トレードマークはつばの前をおろし、後ろを上げた帽子のサム・スニード。ベン・ホーガンや、PGAツアーで11連勝を含む年間最多18勝の記録を持つバイロン・ネルソンと同じ、1912年生まれでした。これら最強のライバル達と戦いながら数々の記録を残しています。
PGAツアー通算82勝は、2位のタイガー・ウッズの79勝を抑えてトップ。マスターズにも3回優勝し、歴代4位タイ。1965年「グレーター・グリーンズボロ・オープン」ではツアー最年長、52歳10ヶ月で優勝。

67歳の時の1979年「クワッド・シティ・オープン」では「67」でまわり、PGAツアー唯一のエージシュートを達成します。その2日後の最終日に「66」をマークしています。1回だけでも、今後も出ない記録と言われていますが、なんと2回も達成しています。

メジャーはマスターズの他に全米プロゴルフ3勝、全英オープン1勝を挙げながら、全米オープンだけはプレーオフ敗退も含め2位が4回と優勝できず、「キャリア・グランドスラム」は逃しています。1979年には67歳2ヶ月でPGAツアー最年長予選通過を果たすなど、まさに長く輝かしい選手生活を送りました。

スニードはスポーツ万能でした。高校時代はゴルフに加え、野球、フットボール、陸上競技、バスケットボールでも活躍し、大学から特待生での勧誘も受けていました。結局、スニードはゴルフ部コーチの助言によって、プロゴルファーを目指しています。

そのスイングは「美しく流れるよう」「絹のような滑らか」と評され、ドライバーの飛距離は優に300ヤードを超えていた、と言われます。自著のタイトルに「ゴルフは音楽だ!」とあるように、スイングはリズムとタイミングが大切と著しています。

あまりにスムーズでムダがないため、スニードは「ボーン・スインガー」(生まれながらにして流麗なスインガー)とも呼ばれました。彼自身、「年をとったら良いスイングしか役に立たない」との言葉を残しています。まさに非凡な運動能力に裏付けされたスイングが、スニードの選手生活を支えていました。

ところが、そのスニードにとって最大の悩みがパッティングでした。1960年代になって、特に1メートル以内のパットがまったく入らなくなってしまいました。今で言う、イップスの状態のようです。そこで編み出したのが、「クラウチング・スタイル」のパッティングフォームでした。

カップに対して体を正対し、パットラインをまたいで構えます。両足の中心にあるボールを、体の真ん中で振り子のようにスイングしたパターで打つスタイルです。これで悩みは解決しましたが、仲間のプロたちからルールに反しているとのクレームが相次ぎ、禁止になってしまいました。

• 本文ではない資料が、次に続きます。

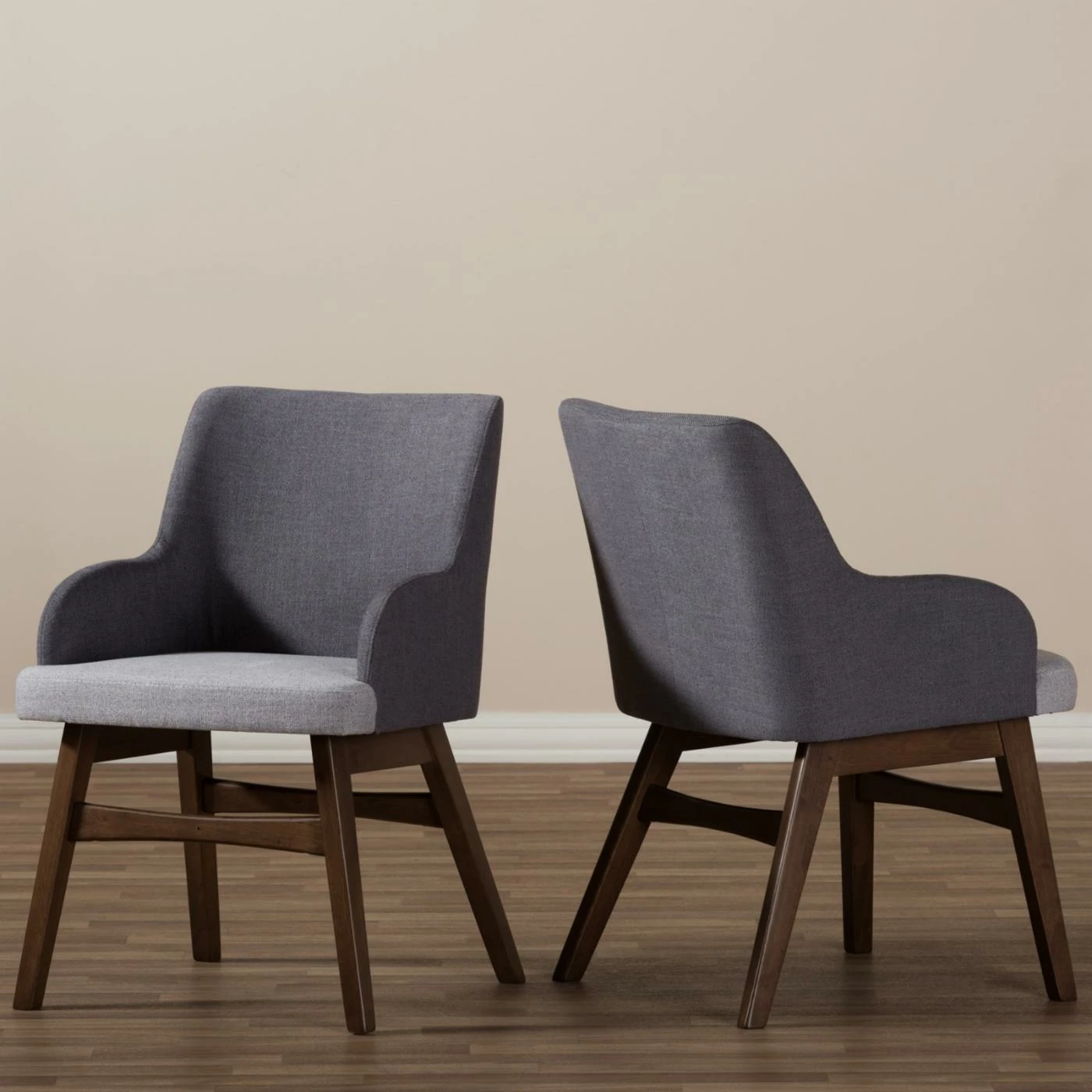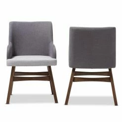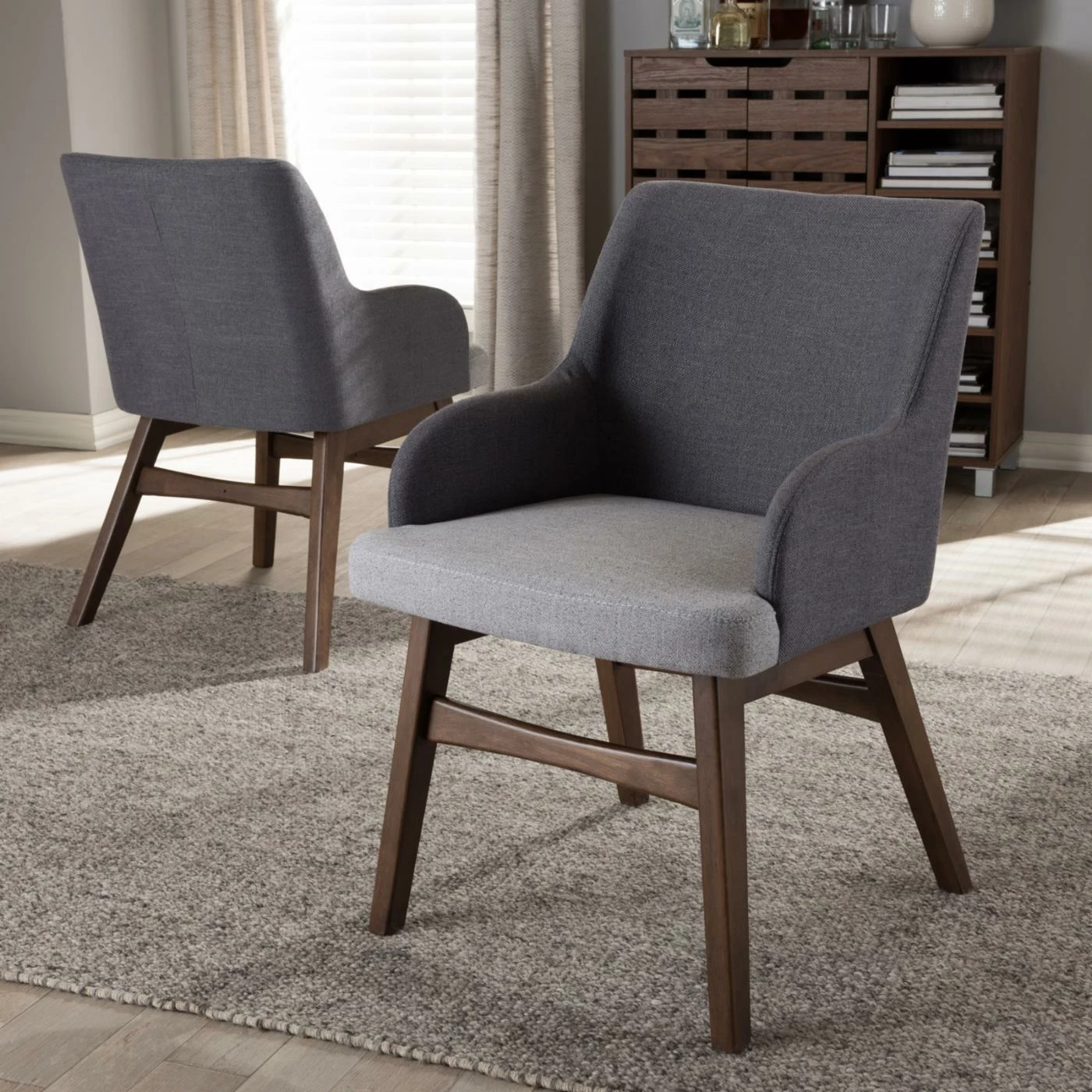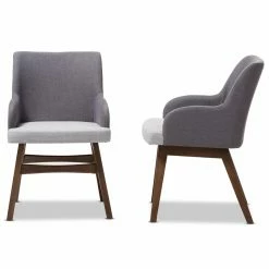 The mid-century modern design and grand comfort of the Baxton Studio Monte Fabric Armchair – Set of 2 make this set perfect at either end of your dining table. The chairs boast Scandinavian-inspired solid rubberwood legs in a walnut finish. Rounded arms and the contoured backrest feature charcoal gray upholstery while the generous seat is in a contrasting light gray.
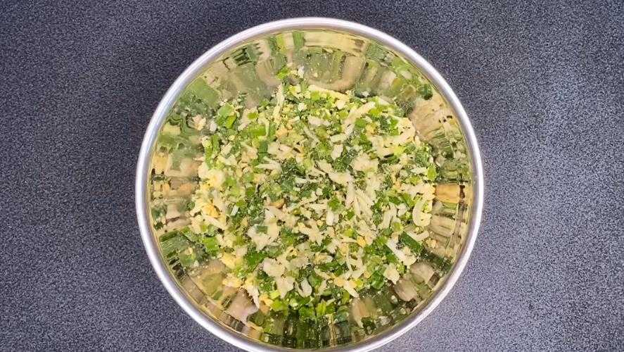 - Смешать тесто с подсоленными рублеными яйцами и луком.
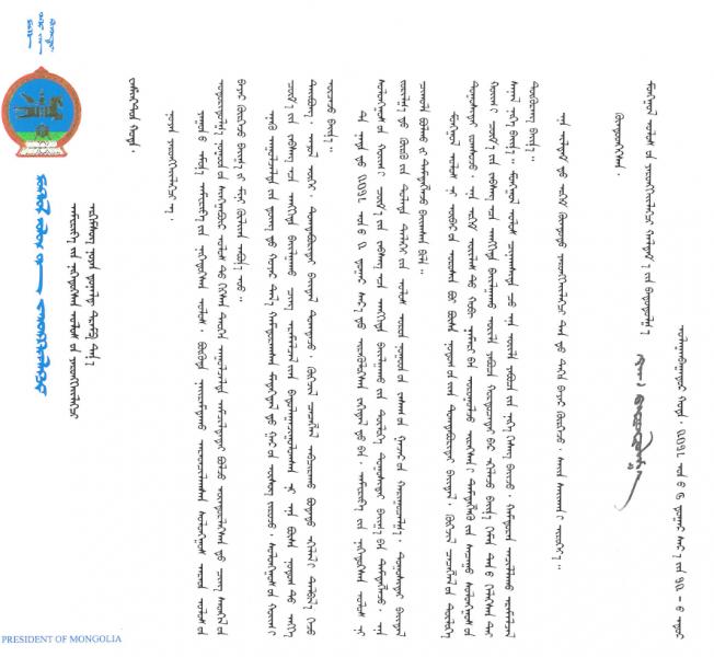 Энэ ялдамд Эрхэм хүндэт Ерөнхийлөгч Танд дахин баяр хүргэж, сайн сайхныг ерөөе” гэжээ.

現在のゴルフルール規則16-1eにある「パットの線やその後方延長をまたいだり、踏むようなスタンスでストロークをしてはならない」は、このスニードの「クラウチング・スタイル」を禁止するために追加されました。しかし、スニードは諦めません。

今度はカップに正対した体はそのまま、パットラインの脇に足を揃えたままでパッティングするスタイルの誕生です。馬術のポロ競技のように馬に乗ったまま横で打つスタイルから、「サイドサドル・スタイル」と呼ばれました。

普通のパッティングスタイルでは左右の手で方向性、強さを合わせる必要があります。サイドサドルでは左手はパターを持つだけの支点となり、右手はストロークの強弱と両手の役割が分かれるため、動きがシンプルになります。また、カップの位置に正対しているため、ボール、カップを見るのも視線を動かすだけと、頭の位置が変わりません。こうしてスニードはパットの悩みから解放されました。

バージニアの田舎出身のスニードは陽気で純朴な性格でした。こんなエピソードがあります。オークランド・オープンで優勝した時、ニューヨークの新聞に彼の写真が掲載された時です。「どうやって俺の写真を撮ったんだろう。俺はまだニューヨークへは一度も行ったことがないのに・・・」(スニード)

マスターズの練習ラウンドで、「シューズを履くより裸足の方がスイングしやすい」と実際に裸足でラウンドして批判されたことも。また、セントアンドリュースのオールドコースを「農場」と呼んで、スコットランド人からひんしゅくを買ったこともあります。
彼は2002年、89歳でマスターズ始球式を務めた直後に脳卒中で倒れ、約1ヶ月半後に亡くなりました。まさに生涯がゴルフと共にあったのが、サム・スニードです。天真爛漫な性格と卓越した運動能力が、彼を「最強のゴルファー」の一人としたのです。